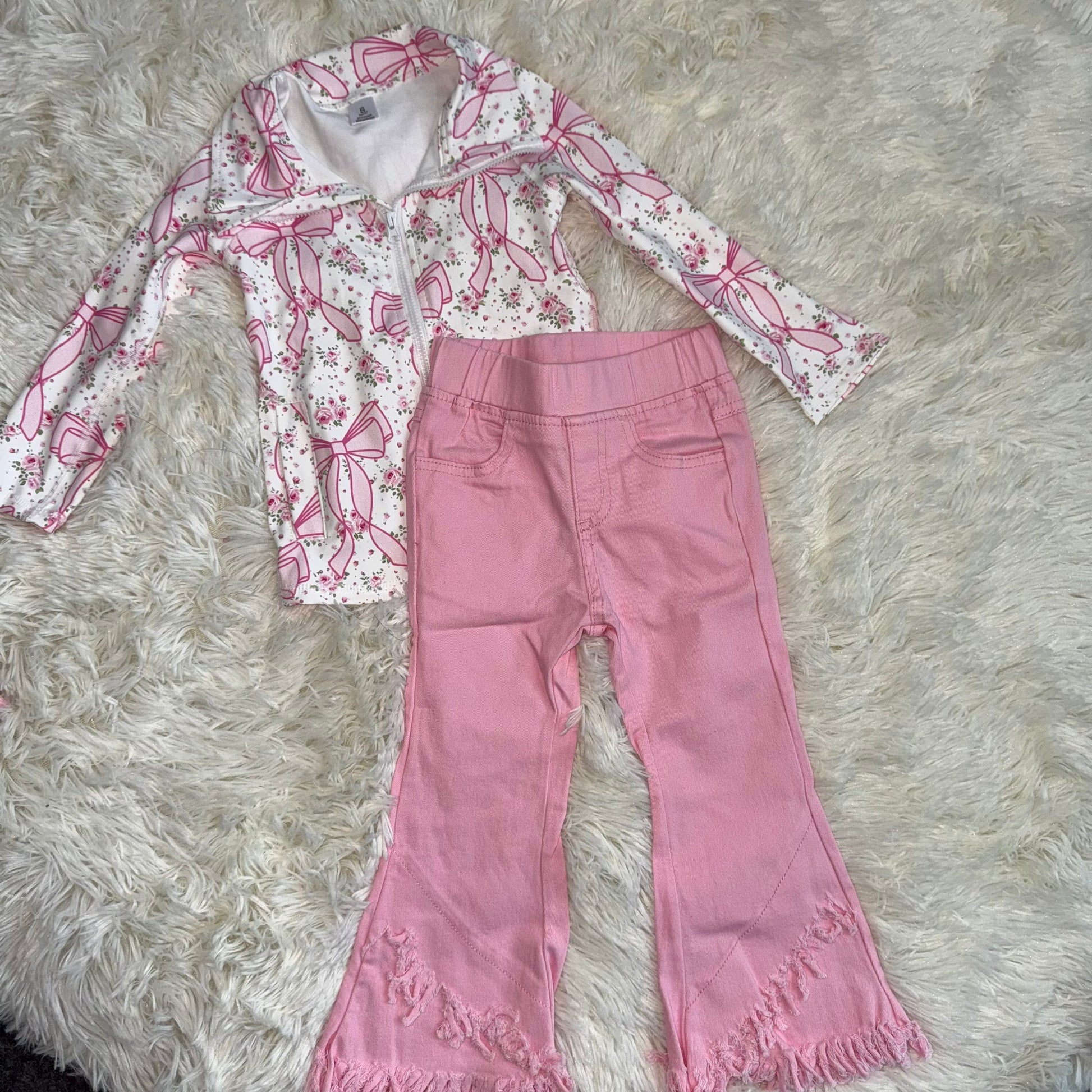 RTS NO MOQ(In Stock) GT1082+P0463 yoga floral bow zipper long sleeve top Pink tassel elastic waist denim pants sets
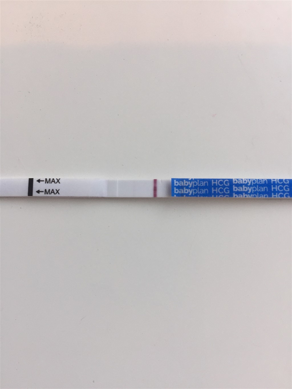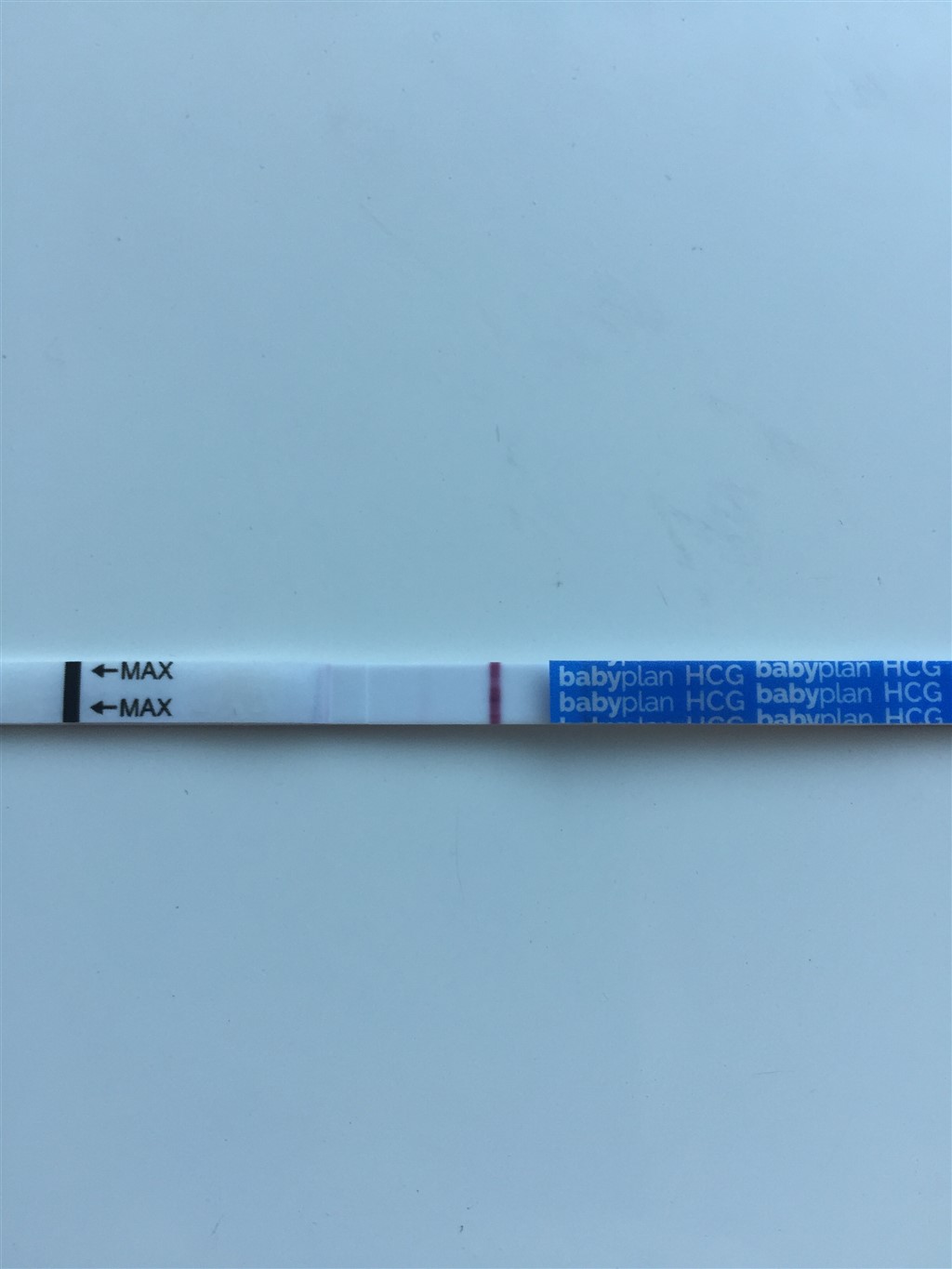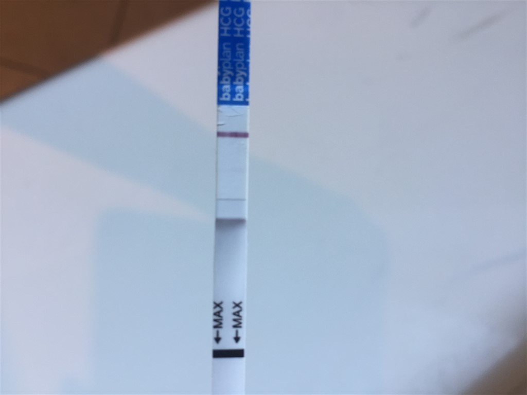 AnoMom skriver: Kan godt se en streg. Men tør ikke stemme positiv for kan ikke se farve i den. Måske en skyggestreg. Ville prøve at tage en ny test
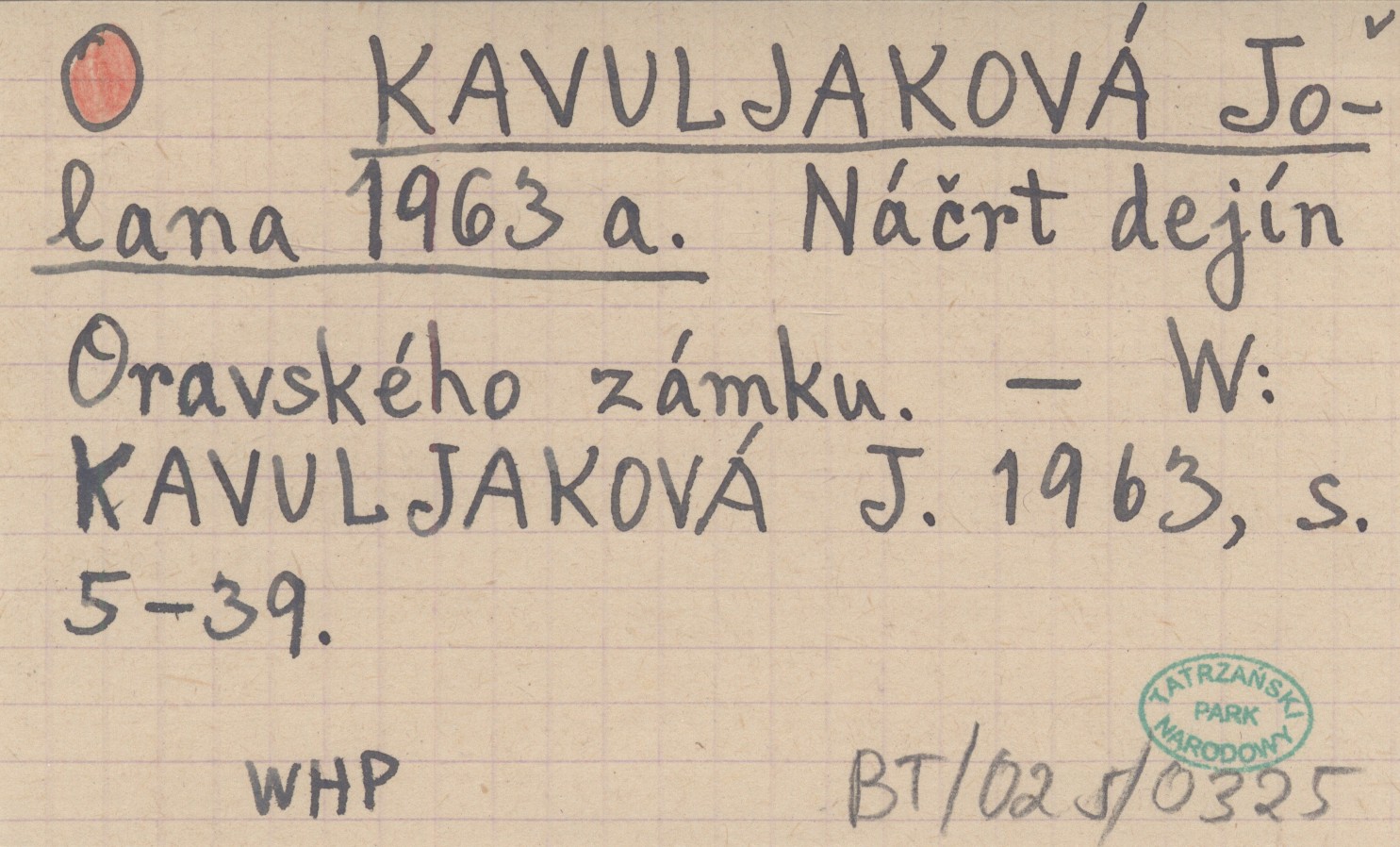 KAVULJAKOVÁ J. 1963: 5-39. ,
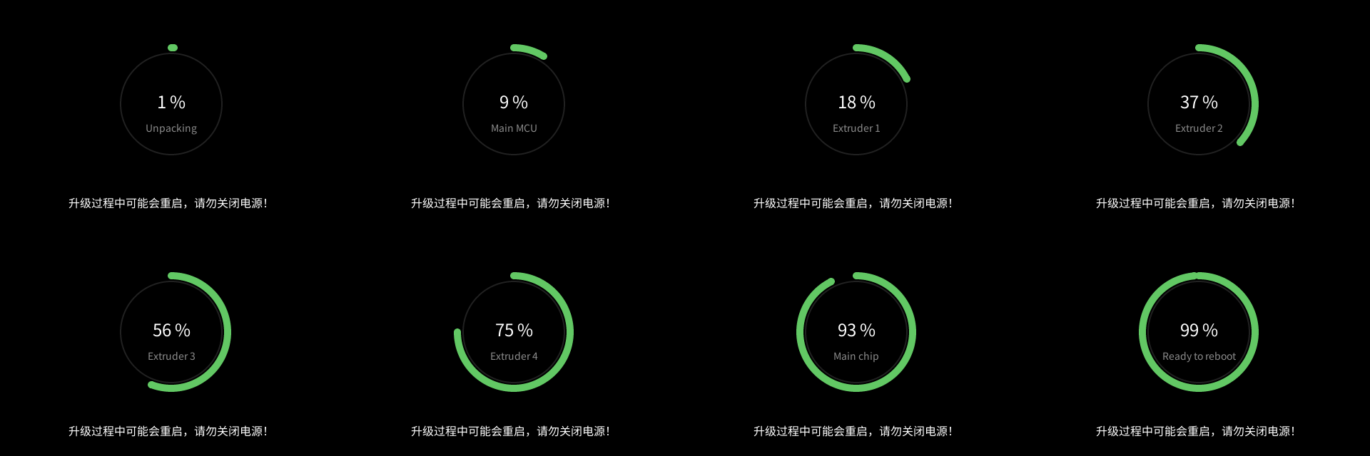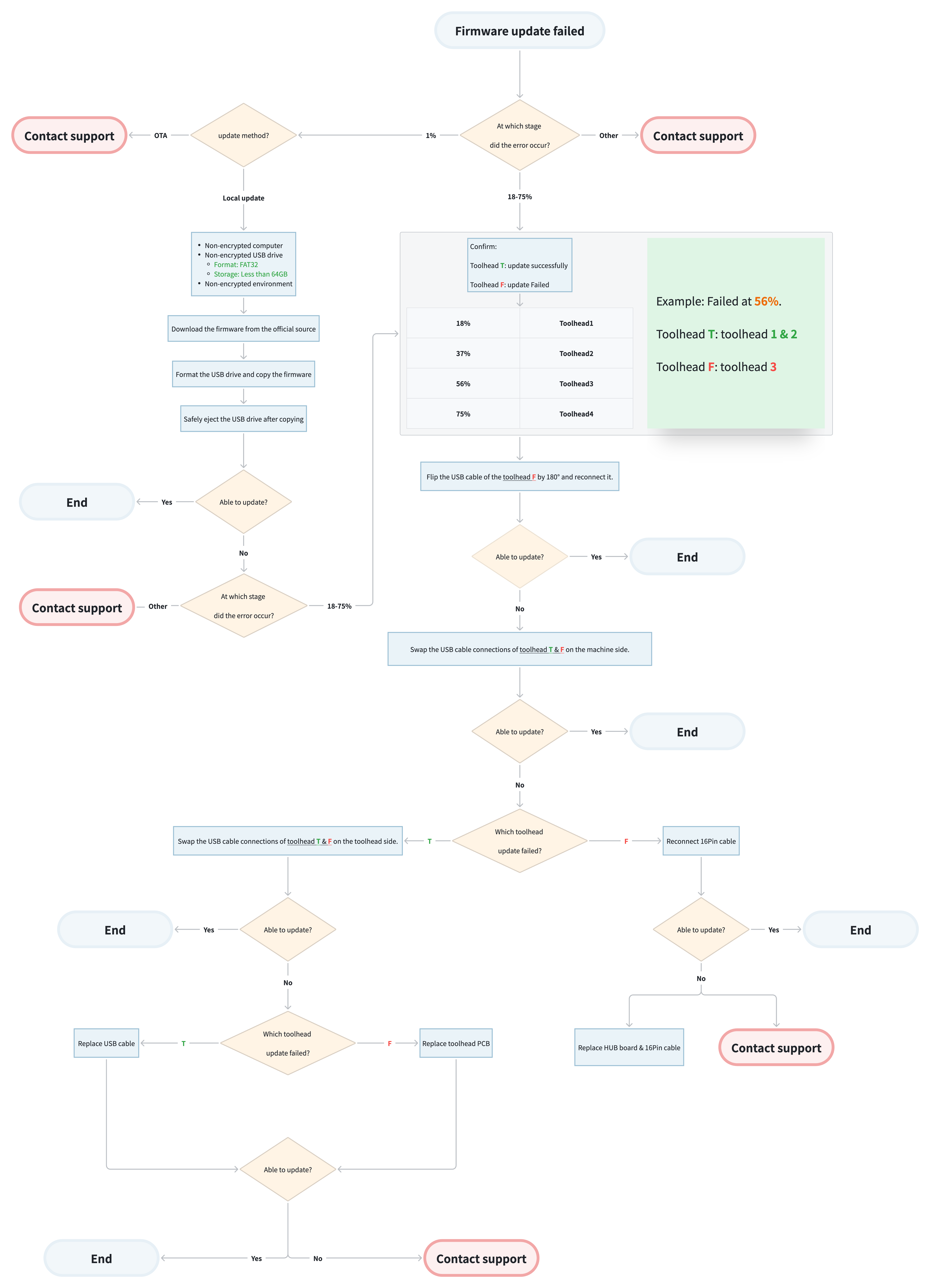 If the error occurs during the 18–75% stage, please continue troubleshooting under 3. Toolhead update failed.

-*-*-

Repeat the material above word for word but skip the images.

▶ [TASK RESPONSE]:
 RTS NO MOQ(In Stock) GT1082+P0463 yoga floral bow zipper long sleeve top Pink tassel elastic waist denim pants sets
 AnoMom skriver: Kan godt se en streg. Men tør ikke stemme positiv for kan ikke se farve i den. Måske en skyggestreg. Ville prøve at tage en ny test
 KAVULJAKOVÁ J. 1963: 5-39. ,
 If the error occurs during the 18–75% stage, please continue troubleshooting under 3. Toolhead update failed.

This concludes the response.